ASSIGNMENT
The lines to repeat are those below from the one containing "Myosotis sylvatica 'Myomark'" down to the one containing "À partir de", both included; reproduce them exactly and nothing else.

DATA FOR THE TASK
*** Block opens ***
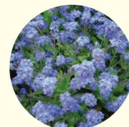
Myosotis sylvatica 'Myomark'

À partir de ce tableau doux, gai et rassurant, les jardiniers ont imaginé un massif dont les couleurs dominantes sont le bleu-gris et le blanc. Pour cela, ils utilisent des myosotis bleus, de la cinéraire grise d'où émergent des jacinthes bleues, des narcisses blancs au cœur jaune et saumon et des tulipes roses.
*** Block closes ***
*** Block opens ***
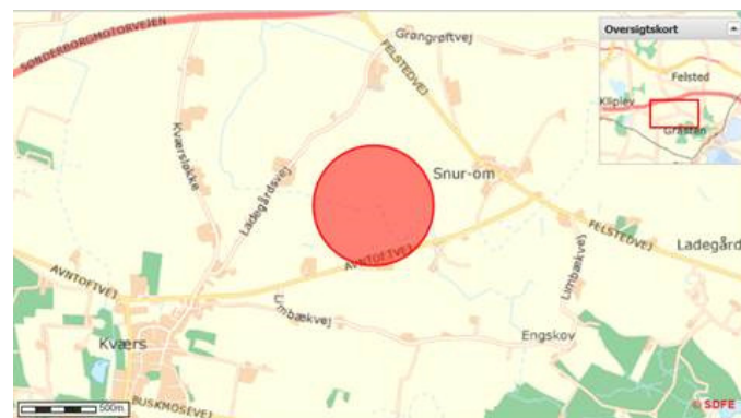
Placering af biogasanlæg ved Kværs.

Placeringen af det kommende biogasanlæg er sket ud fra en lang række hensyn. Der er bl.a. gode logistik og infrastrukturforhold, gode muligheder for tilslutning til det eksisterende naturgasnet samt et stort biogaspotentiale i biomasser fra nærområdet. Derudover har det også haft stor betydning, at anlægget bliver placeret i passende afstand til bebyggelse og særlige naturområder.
*** Block closes ***
YOUR RESPONSE
Myosotis sylvatica 'Myomark'

À partir de ce tableau doux, gai et rassurant, les jardiniers ont imaginé un massif dont les couleurs dominantes sont le bleu-gris et le blanc. Pour cela, ils utilisent des myosotis bleus, de la cinéraire grise d'où émergent des jacinthes bleues, des narcisses blancs au cœur jaune et saumon et des tulipes roses.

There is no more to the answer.